Given records ::

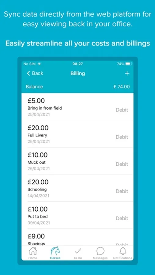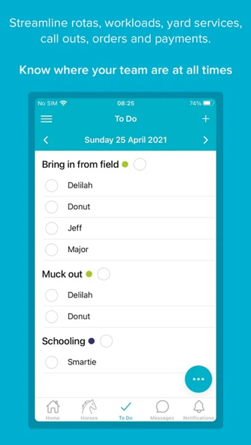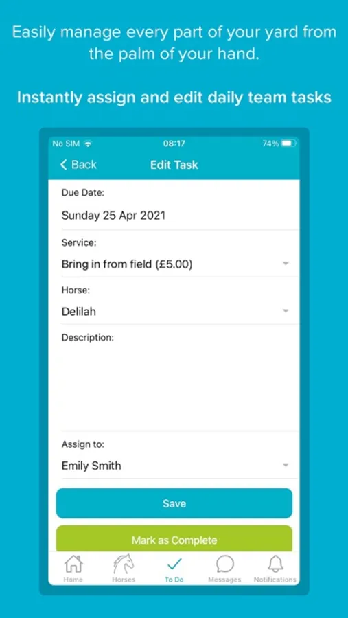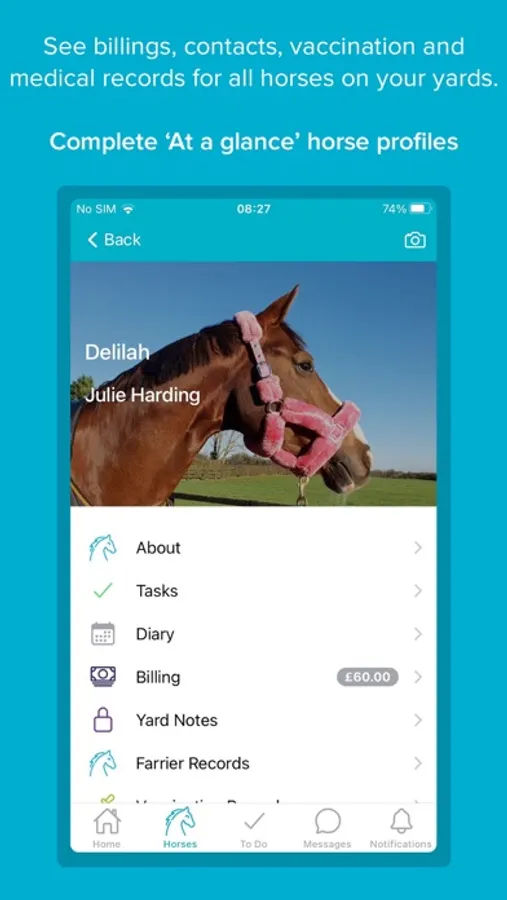 To do list: Organise your day at the yard. You can assign tasks to staff members, who will then ‘mark as complete’ when completed. If this is a billable service it automatically adds directly to the horses bill for that month.
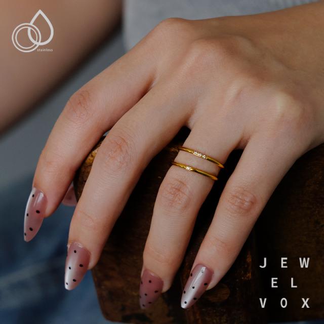 指輪 リング レディース ステンレス製 金属アレルギー ストーン 1粒 3粒 2個セット ゴールド 9号 11号 14号 細い 細め 極細 デイリー カジュアル シンプル オシャレ 女性 ギフト プレゼント
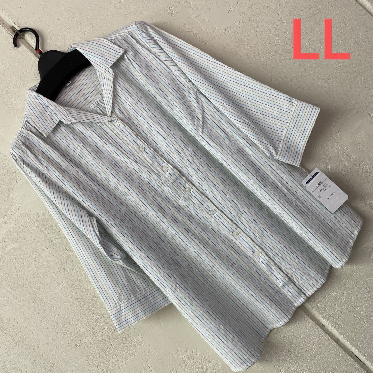 - 訳ありLLサイズ綿100%七分袖シャツブラウスグリーンブルー
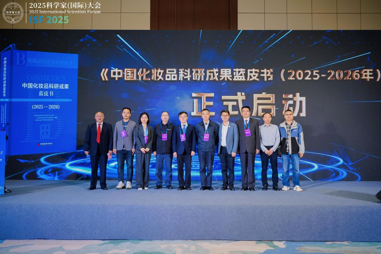 ??图为《中国化妆品科研成果蓝皮书(2025-2026年)》启动仪式现场。
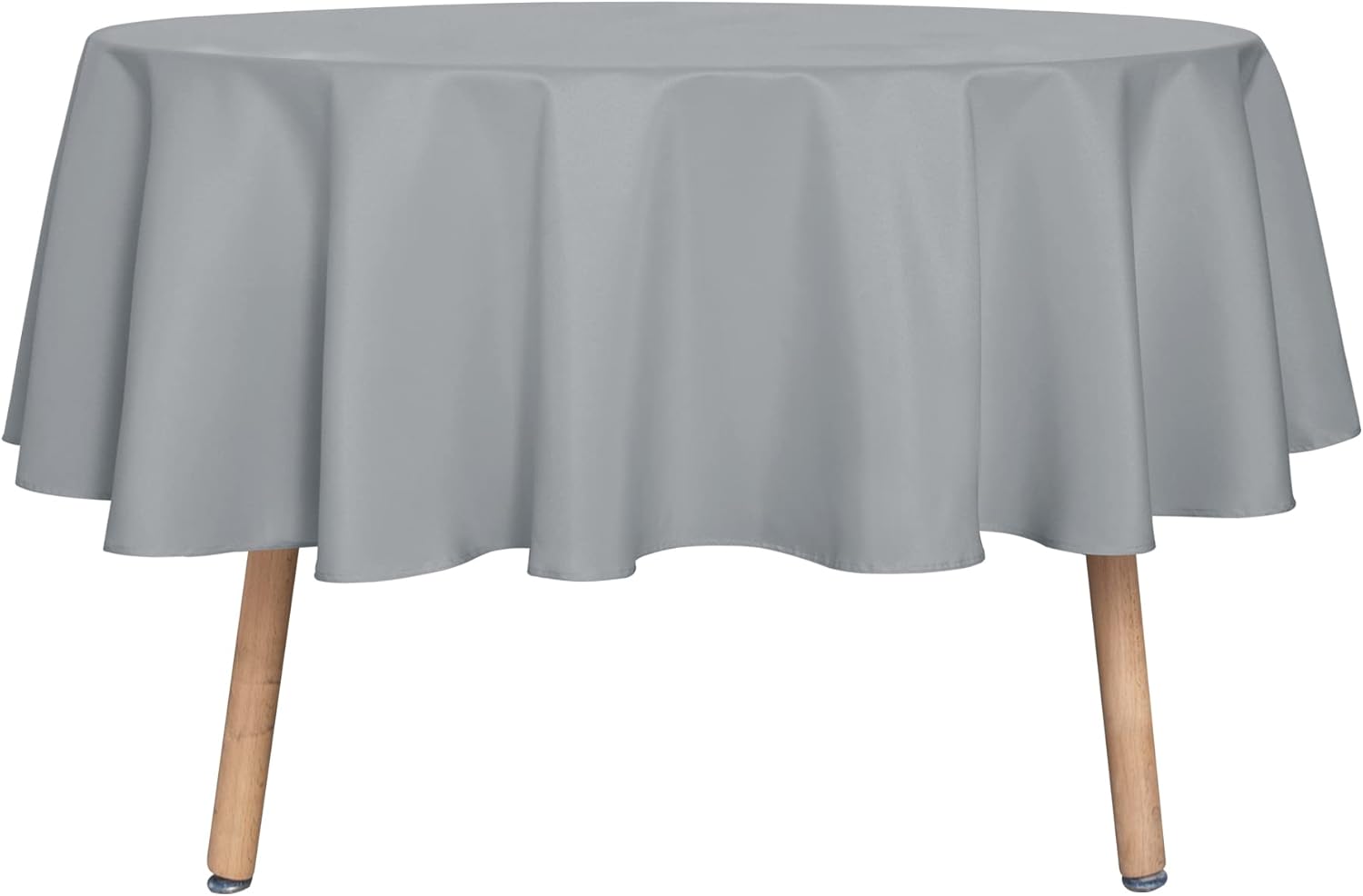 sancua Round Tablecloth - 80 Inch - Water Resistant Spill Proof Washable Polyester Table Cloth Decorative Fabric Table Cover for Dining Tables, Buffet Parties and Camping, Silver Grey
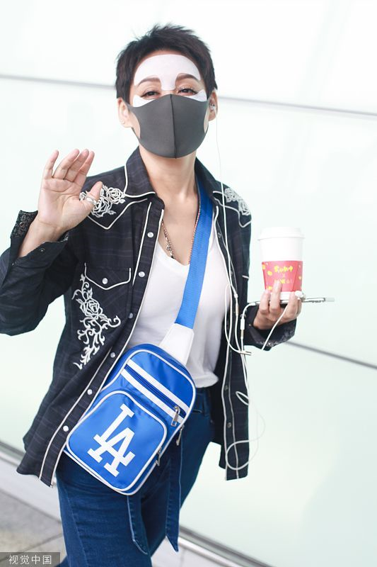 2019年6月19日,北京,寧靜現(xiàn)身機場。她穿敷面膜亮相短發(fā)干練個性灑脫,戴口罩對鏡揮手大方任拍。

How to complete this task ::
Lines from the one containing "指輪 リング レディース" through the end of the material above must be reproduced exactly; pictures must not be.

Exercise answer ::
 指輪 リング レディース ステンレス製 金属アレルギー ストーン 1粒 3粒 2個セット ゴールド 9号 11号 14号 細い 細め 極細 デイリー カジュアル シンプル オシャレ 女性 ギフト プレゼント
 - 訳ありLLサイズ綿100%七分袖シャツブラウスグリーンブルー
 ??图为《中国化妆品科研成果蓝皮书(2025-2026年)》启动仪式现场。
 sancua Round Tablecloth - 80 Inch - Water Resistant Spill Proof Washable Polyester Table Cloth Decorative Fabric Table Cover for Dining Tables, Buffet Parties and Camping, Silver Grey
 2019年6月19日,北京,寧靜現(xiàn)身機場。她穿敷面膜亮相短發(fā)干練個性灑脫,戴口罩對鏡揮手大方任拍。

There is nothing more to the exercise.